Planes, Trains, and Automobiles – Part 2
I took a deep breath to satisfy olfactory desires as I leaned over my custom Fritas Fries at the Big White Hut in Tujunga. Sitting at the rear table, before digging in I took in the map covering its back wall. It’s an old map from 1926 of Sunland and a portion of the San Fernando Valley. As I dined, I continued my examination … and that’s when I noticed it. Following the railroad tracks that lie alongside San Fernando Road, about halfway up the wall, was the word “Wahoo.” There a spur of the rail line embarked off to the east, heading into the Big Tujunga Wash. From that beginning, a history hunt began.
As I drove home, I recalled a man who had come into Bolton Hall years ago with a story about finding what he believed was a train tunnel out in the wash. We made our way over to the museum’s map and he pointed to the approximate location of his purported discovery. While intrigued after many other guests had come and gone, the memory was relegated to some empty brain cells and promptly forgotten. Now the recollection had returned as the 1926 map had revealed the Wahoo Spur coming to an end near the spot the guest had identified.
Arriving home, I eagerly accessed satellite imagery of the area and lo and behold! A large structure was apparent there. And it wasn’t just large; it appeared to be huge. What was this big thing? The next step, of course, was to head there to see it for myself and try to determine what it was. The hike was not difficult; I arrived in perhaps 30 minutes to find a truly amazing site. It is indeed a train tunnel, some 330 feet long, built of reinforced concrete. All along the top are a series of loading portals, which reveal its purpose. A train would pull into this tunnel and would be loaded from above with gravel and stones. A deeper dive into the tunnel and the Wahoo Spur was then required.

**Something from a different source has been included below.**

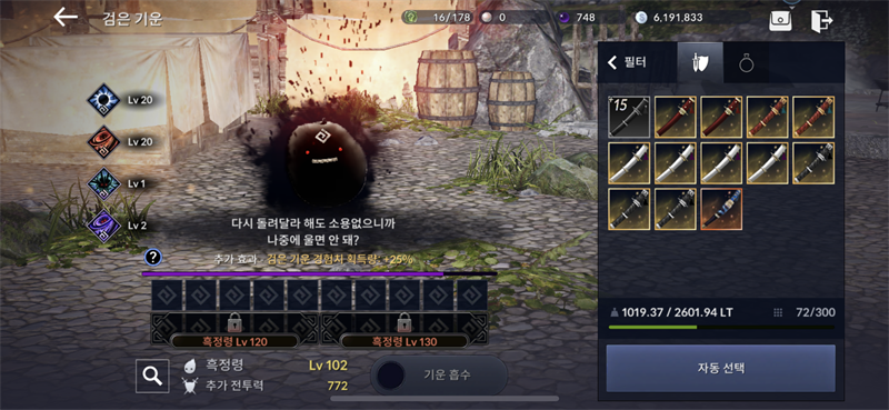 장비 노란거는 흑정령 주면 되나요???
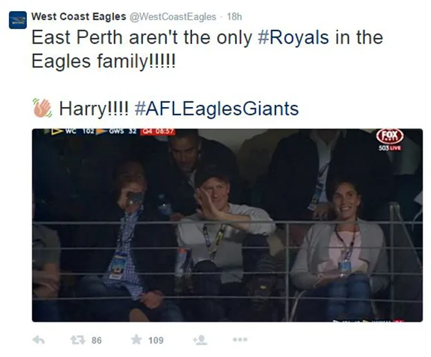 The West Coast Eagles seemed impressed to see the Royal watching them play at their home ground, tweeting: “East Perth aren’t the only #Royals in the Eagles family!”

That deeper dive came in the way of an introduction to Jock Scott, a man who could provide some of the answers. I was introduced to Jock, who is a mining expert who knows a great deal about the history of mining in Los Angeles. After describing the quest I was on, he promptly invited me to meet him at the Durbin Rock Plant in Baldwin Park.
“There is something I’d like you to see there,” he said.
This past January, I met Jock at the vast worksite. We entered a boardroom where the walls were covered with historic photos of numerous rock plant operations. He led me to one image and said, “There it is – that’s your tunnel. It used to be the bottom floor of the three-story Sheldon Rock Plant, which began operations in the early 1920s. The upper two floors were made of wood and no longer exist.”
The Wahoo Spur separated from the main line near the intersection of Truesdale Street and San Fernando Road and followed the path of the Hansen Dam spillway to the east. Reaching the Hansen Dam Golf Course, the tracks would have passed through the center of the 18th green and headed into the wash through where the dam sits now. The length of the spur was a little over two miles to the loading tunnel.

This was the only train that ever penetrated the Tujunga Rancho. At one end of the tunnel, 1923 is stamped. Flooding was a regular problem and operations ceased in the 1930s. A tremendous amount of cement was required to build Los Angeles, especially during the boom of the 1920s. Most of the gravel pulled from this plant served to make cement and helped our city rise. The final step was to take Mike Lawler to visit the site: 34 15’56.37”N, 118 22’13.28”W.